A way around this is to unnormalise data and copy the master object into
several locations, so user have all the information they need close at hand.
You might repeat the Customer name in every one of their Sales records.
Or more openly, you might copy each Customer object in all business locations.
Fig. 6f
You should not eliminate the
original master object. One object (in a master location or a distinct server
location) has to keep track of all the places where the object has been copied,
for the purpose of broadcasting updates.
So in short, distribution means you may have to:
· select one business location for objects that naturally relate to more than one business location
· define distinct storage locations other than natural business locations
· divide one class into two parallel aspects connected by a one-to-one relationship
· divide one
object into one master object owning many copies.
Tradeoff:
robustness v. inconsistency
Where a single database is partitioned and stored at several locations,
the issue of robustness arises. If the network fails, you want to carry on
working at one database location while not connected to the others.
To increase robustness, you will tend to replicate data at different
locations. But this means that there is the danger of data in different
locations getting out of step, whether due to sloppy design by or failure of
the network technology. What if somebody updates, or worse deletes, a Customer
object on one of the databases while the network is down? The various databases
will get out of step.
Getting the databases back in step can take a great deal of effort. It
is not just a question of running automatic update programs. While the network
is down, you might accept Orders at a Warehouse for a Customer that has been
deleted or black-listed at head office.
When you find out later that the Customer has been black-listed: Should
you now reject these Orders? Or should you find some other Customer to take
them? These are questions that the business analyst must address rather than
the database designer.
Data replication and data distribution are two good reasons to design a data structure for the Data services layer that is different from the data structure of the Business services layer. Data migration may be another reason.
Programs are transient. Data is persistent. So changing a data storage
structure involves an extra step, called ‘data migration’, that changing a
program does not. You have to reorganise already-stored data, shifting it from
one version of the data storage structure to the next.
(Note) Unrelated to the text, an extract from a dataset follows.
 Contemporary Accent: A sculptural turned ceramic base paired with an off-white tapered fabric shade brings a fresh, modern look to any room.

The more you specify application-specific classes and relationships in
the data storage structure, the greater the data migration cost whenever these
classes or relationships change.
This is not necessarily a bad thing. Remember, the rule to specify
classes and relationships in the data structure rather than leave them to be
constructed by programs. What the database designer misses out, the programmers
will have to put in, tenfold. And if data migration is needed because you are
correcting a poor data storage structure, inserting classes or relationships
you overlooked, then you have only yourself to blame.
Conclusion: expect data migration and include it your plans.
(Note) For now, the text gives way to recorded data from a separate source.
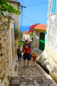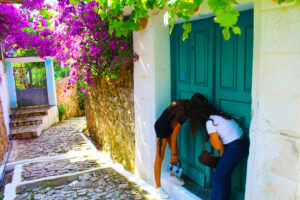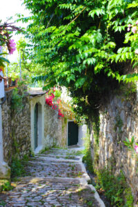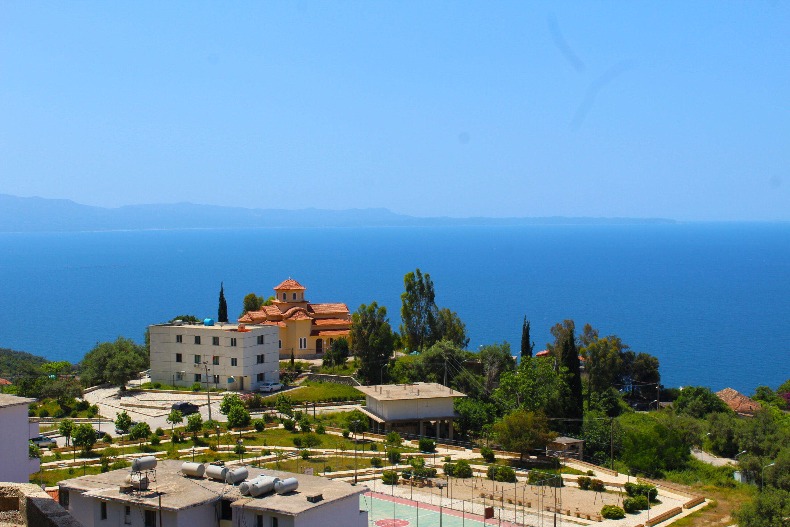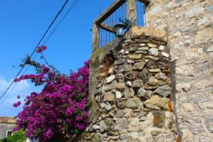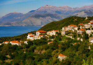 Fshati shtihet në mes të tarracave me agrume në një peizazh plot kontraste mes kaltërsisë së detit Jon dhe gjelbërimit të kodrave përreth.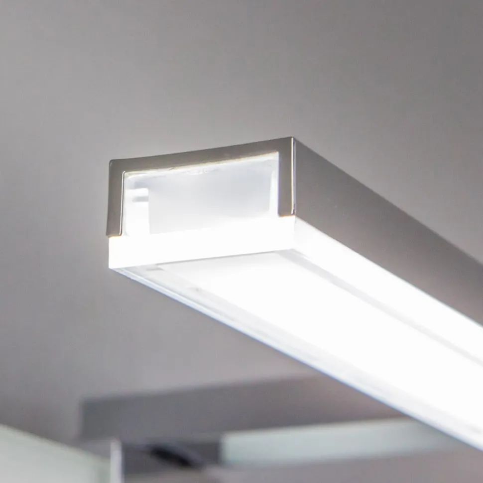 LED-spiegellamp Esther S3 zorgt op een elegante en discrete manier voor de juiste helderheid van het licht tijdens het scheren, opmaken en stylen. De lamp kan makkelijk rechtstreeks op een houten frame of badkamermeubel worden bevestigd. Met de geïntegreerde leds met een totaal vermogen van 6 W en een kleurtemperatuur van 5.500 K, verspreidt de spiegellamp met een stralingshoek van 180° het licht op een zuinige manier. Levering inclusief adapter.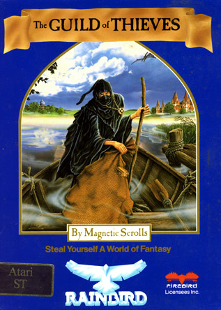 Guild of Thieves, from Magnetic Scrolls, the people who wrote The Pawn, winners of numerous major awards. Graphic illustrations to blow your socks off. Puzzles to blow your brains out. Frankly, we doubt that you're up to it ...

Nevertheless, there are some very large databases where data migration
is just too expensive. Is there an alternative design for maintenance strategy
that will reduce or eliminate data migration?
Avoiding
the cost of data migration
Can you have it both ways? Can you have both the specificity of The entity
state machine model , and the flexibility of a data storage structure that does
not require amendment when The entity state machine model is altered?
Again, yes you can. You can write application programs for the classes
in The entity state machine model , and store instance data in different and
more generic structure in the data storage structure.
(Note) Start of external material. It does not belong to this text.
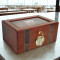 This humidor has a removable tray and 2 Spanish cider dividers. It features an external hygrometer and has bold inlay design on the forefront and lid. This handsome humidor has a high gloss finish, I large humidifier, locking hinges and gild lock and key set. It has an elegant dark mahogany finish; a sophisticated way to show off your cigar stash.

Fig. 6g shows an extreme example. The structure on the right is
generalised so far that no conceivable application amendment would require it
to change.
Fig. 6g
How does this work? You code the entity classes and relationships in the
Business services layer. You code the data storage structure in the Data
services layer. You design an data abstraction layer to translate between the
entity classes and relationships and the data storage classes and
relationships.
When your application program wants the instance data of a specific
Customer, it does not read the data storage structure but calls the data
abstraction layer. How the data abstraction layer assembles the Customer object
from the data in the data storage structure is a matter only for the data
abstraction layer.
When The entity state machine model is altered, you have to amend the
application programs, you have to amend the data abstraction layer, but you do
not have to restructure the data storage structure or carry out a data
migration exercise.
Conclusion: where it is justified (by data migration or performance
costs) introduce an data abstraction layer to separate The entity state machine
model from the data storage structure (designed for flexibility and
performance).
The art of system design is to find the best balance between conflicting
objectives. Many authors have listed general objectives for system design. Some
have suggested ways of measuring how far these objectives are achieved.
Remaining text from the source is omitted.